I didn't realise it was a satire until you named Americans as a race. You probably know all humans come from the San tribe of North Africa. We are just one race.
What is common to us is the business environment. Change the business environment and you'll see things changing.
The Elon Musk concept is about betting on a cutting edge technology, convincing investors to fund it with no ROI in sight, and then inspire a whole generation to look up and dream big. |
Agree with the above.
As mentioned earlier, there is too much red-tape in India. Businesses have to prove that they are doing everything per the book rather than being required to be transparent and assumed to comply. There is also a problem with the legal requirements being too specific, and anything not specified being assumed to be illegal.
Take Uber for an example. It was banned when the government faced a problem, and then only when the specific type of taxi/transport provider was included in the list was it allowed to re-start. Wouldn't it be easier to have a broad category of local/intra-state and inter-state transport, and then define tax and safety requirements based on that?

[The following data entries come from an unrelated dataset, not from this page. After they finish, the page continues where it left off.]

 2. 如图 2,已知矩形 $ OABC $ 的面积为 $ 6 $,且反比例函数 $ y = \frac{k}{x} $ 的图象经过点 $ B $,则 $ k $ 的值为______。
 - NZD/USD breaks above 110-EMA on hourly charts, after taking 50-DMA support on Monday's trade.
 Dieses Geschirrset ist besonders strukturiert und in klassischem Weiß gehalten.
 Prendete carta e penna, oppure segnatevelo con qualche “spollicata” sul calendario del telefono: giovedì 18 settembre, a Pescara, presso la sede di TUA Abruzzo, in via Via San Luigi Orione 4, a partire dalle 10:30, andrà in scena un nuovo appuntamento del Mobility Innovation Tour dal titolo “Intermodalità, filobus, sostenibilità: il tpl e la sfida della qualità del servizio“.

I've never been in business, but in an interview with some industrialists a while ago I heard that in China, single-window means one application on the right form. One gets a list of regulatory compliance requirements, and inspectors come regularly to confirm that one is compliant. In India (as the interviewee said), the government requires that one prove that one is compliant at every stage, and there are grey or hidden items that one may not even know about and may be found to be non-compliant years later and be fined retrospectively.

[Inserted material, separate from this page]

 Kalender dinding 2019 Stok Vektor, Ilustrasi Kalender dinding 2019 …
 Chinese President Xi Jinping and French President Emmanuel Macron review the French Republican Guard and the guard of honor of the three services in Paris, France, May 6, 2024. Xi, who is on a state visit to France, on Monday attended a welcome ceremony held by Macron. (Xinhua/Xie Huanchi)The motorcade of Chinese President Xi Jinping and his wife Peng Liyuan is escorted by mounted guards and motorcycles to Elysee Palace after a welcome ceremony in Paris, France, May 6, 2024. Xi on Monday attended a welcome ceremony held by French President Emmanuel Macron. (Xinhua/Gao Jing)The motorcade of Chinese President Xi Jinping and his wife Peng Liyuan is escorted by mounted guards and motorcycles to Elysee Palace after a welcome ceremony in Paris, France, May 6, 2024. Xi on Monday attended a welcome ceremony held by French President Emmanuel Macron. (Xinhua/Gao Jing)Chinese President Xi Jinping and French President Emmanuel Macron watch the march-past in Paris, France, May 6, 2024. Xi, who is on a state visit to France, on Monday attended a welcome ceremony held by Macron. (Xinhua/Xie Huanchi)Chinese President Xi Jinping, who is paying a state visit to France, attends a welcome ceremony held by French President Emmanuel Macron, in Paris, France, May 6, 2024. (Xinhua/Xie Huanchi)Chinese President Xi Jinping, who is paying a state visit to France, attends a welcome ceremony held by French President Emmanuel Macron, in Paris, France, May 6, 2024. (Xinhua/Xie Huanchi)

There is also a backbone of corruption that supports this system. Catching people out and extracting money is income. Allowing them to work and confirming that they are compliant is work for the "powers that be" who want power and money, but no work or responsibility.
Elon Musk also took on established players, traditional business (car dealers in the franchise model), and has been successful IMHO only because he got the right support (financially from private players) at the right time. He invested $160million of his own money (from the PayPal sale) in SpaceX, Tesla and SolarCity because he was committed to the vision and ready to be broke if it failed. There are a few Indians I know who also gamble big on their dreams, and have had mixed success. I don't believe there is any shortage of entrepreneurs in India, we just need the right environment.